By: Carleton Rivers, RD
|7 Quick Tips|
|1. Be as specific as possible with your goal|
|2. Put your goal in writing|
|3. Set small objectives|
|4. Reach out for support|
|5. If you slip up, don't give up|
|6. Keep a food diary|
|7. Reward yourself for small accomplishments|
1. Specificity is key
Focus on one specific resolution or goal for the New Year. It is important that your resolution is a goal that is measureable. For example, instead of just saying that you want to lose weight this New Year, decide on a specific weight amount that you are striving to lose within a certain period of time. You may find it helpful to specify ways that you will achieve your goal.
2. Seeing is believing
Write down what your resolution or goal is for the New Year and post it where you can see it on a daily basis (bedroom mirror, office cubicle, refrigerator, or bulletin board). Share your goal with friends through social media so that they can help you stay committed.
3. Set small objectives
To make a goal seem more achievable, try setting small objectives. For example, if your goal is to eat more fruits and vegetables and less junk food, an appropriate objective would be to not buy potato chips at the grocery store (if that is your weakness). Once you feel as if you have mastered one objective, move on to the next.
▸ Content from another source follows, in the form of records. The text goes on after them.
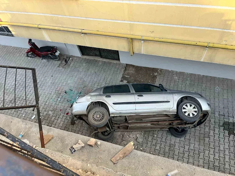 Adıyaman’ın Besni ilçesinde park halindeyken hareket eden otomobil apartman boşluğuna düştü.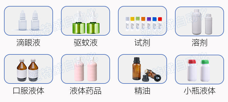 滴眼液?jiǎn)晤^磁力泵灌裝機(jī)適用于0.5-10、2-20、5-50、10-100ml的玻璃瓶、塑料瓶的自動(dòng)理瓶、灌裝、上蓋旋蓋等,可以配上貼標(biāo)機(jī)同步完成瓶身的自動(dòng)貼標(biāo)。如滴眼液、驅(qū)蚊液、試劑、溶劑、口服液體、醫(yī)藥液體、精油、及其他小瓶液體灌裝。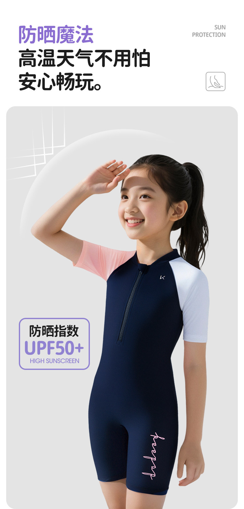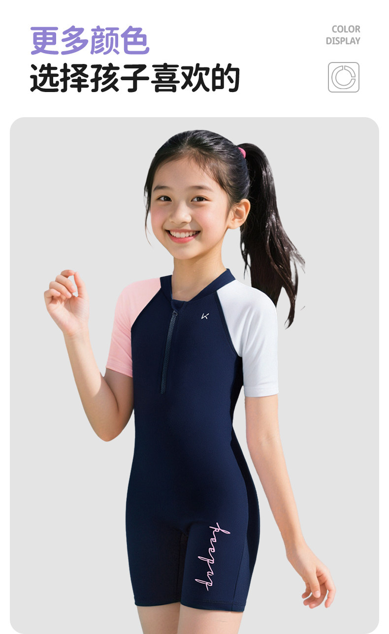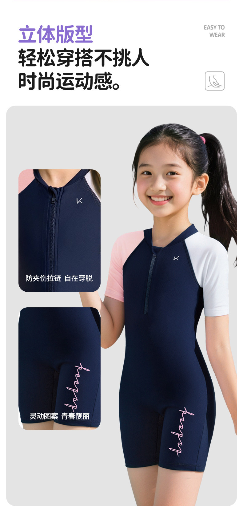 keep儿童游泳衣女孩连体中大童初中生带胸垫防晒专业训练女童装备

4. Don't be afraid to reach out for support
If you are having trouble sticking with changes, a support system made up of your friends or family can supply the motivation you may be lacking. Sometimes just vocalizing your feelings may help you overcome temptation.
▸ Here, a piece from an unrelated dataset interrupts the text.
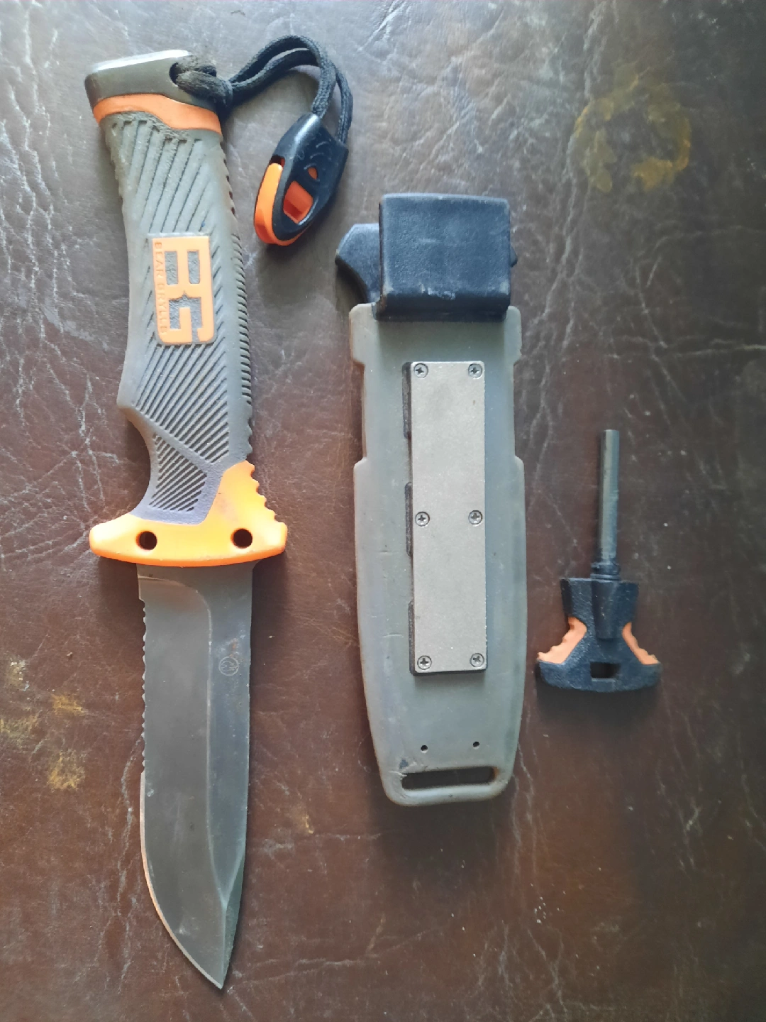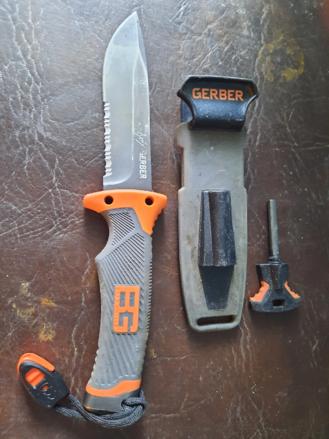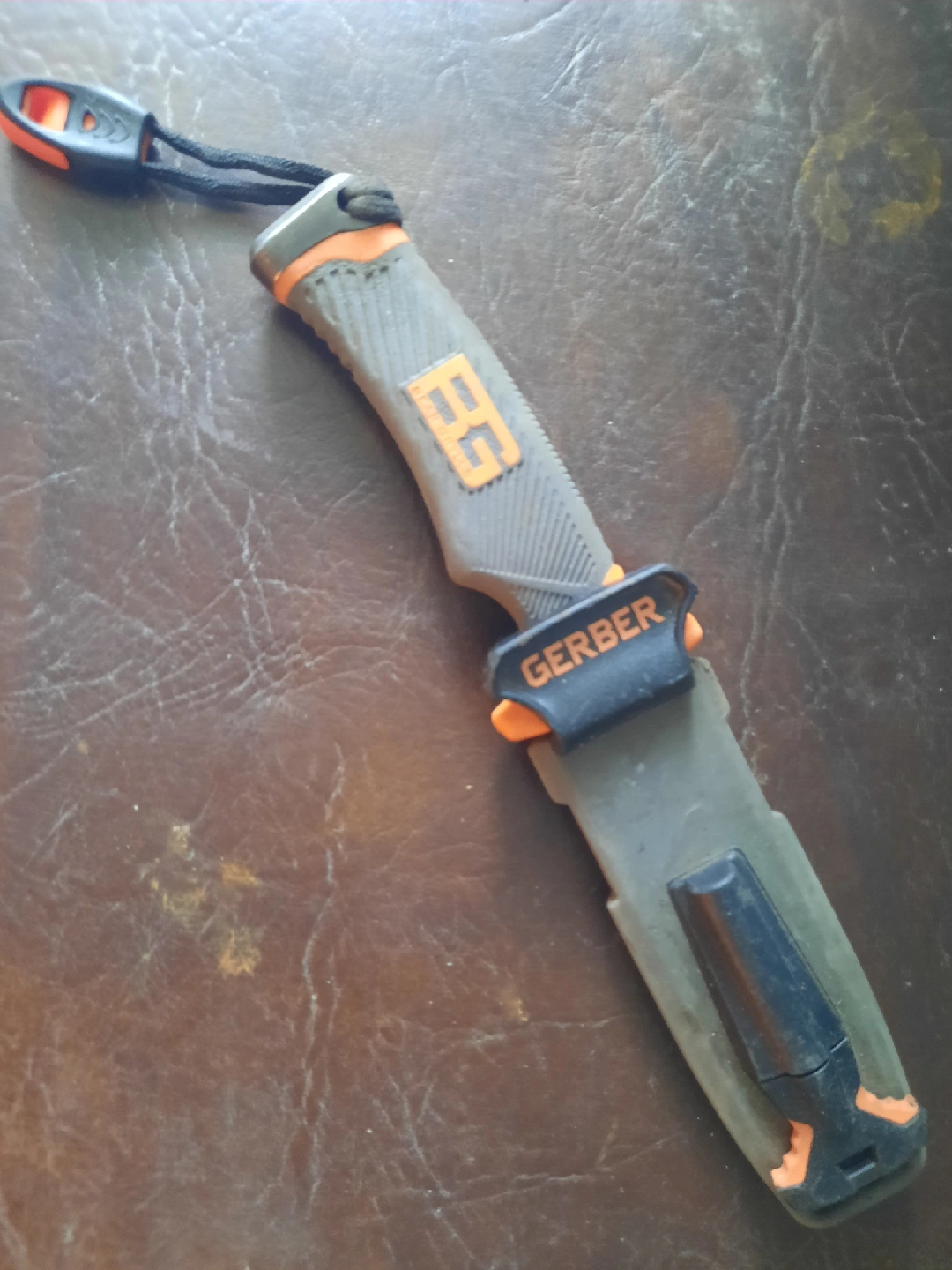 10Selling a Gerber Bear Grylls Survival Knife! This knife comes with a sheath and fire starter. It's perfect for camping or any outdoor adventures!

5. If you slip up, don't give up
Try not to be so hard on yourself; a positive attitude can take you a long way. If you splurge on a piece of cake for dessert, don’t let that be an excuse to give up on your resolution. You are human and no one is perfect. Counteract your mistake by eating a little less the next day or exercising a bit more and get right back on your path to achieving your goal.
6. Keep a food diary
You may find it helpful to keep a food diary for at least a week to see how much you are really eating. Write down everything you eat and drink in a 24 hour period. Include the time of day and how you are feeling. This may help you target any emotional eating that might be occurring. Include portion sizes (how much of each item you consume) because you may not realize how much you are actually eating when you help yourself to seconds or thirds at meal time. Record the amount of calories and fat grams so that you can identify the foods that you should reduce or avoid. There are many free phone apps that can help you find the nutrition facts for food. Calorie King is a wonderful website and app that supplies nutrition information on a variety of foods. For diabetics, my favorite free phone app is GoMeals. On this app, you are able to keep a food, activity and blood sugar diary right there on your phone. Be sure to write down any items you snack on because this is where calories can add up quickly without you even knowing!
7. Don't forget to reward yourself
Decide on how you will reward yourself for achieving small milestones so you have something to look forward to. For example, if your resolution is to lose 60 pounds within the next year, make your reward a new pair of shoes for every 10 pounds that you are able to lose. Avoid choosing a reward that will put you further from achieving your goal. If your New Year’s resolution is to lose weight, I do not recommend rewarding yourself with food!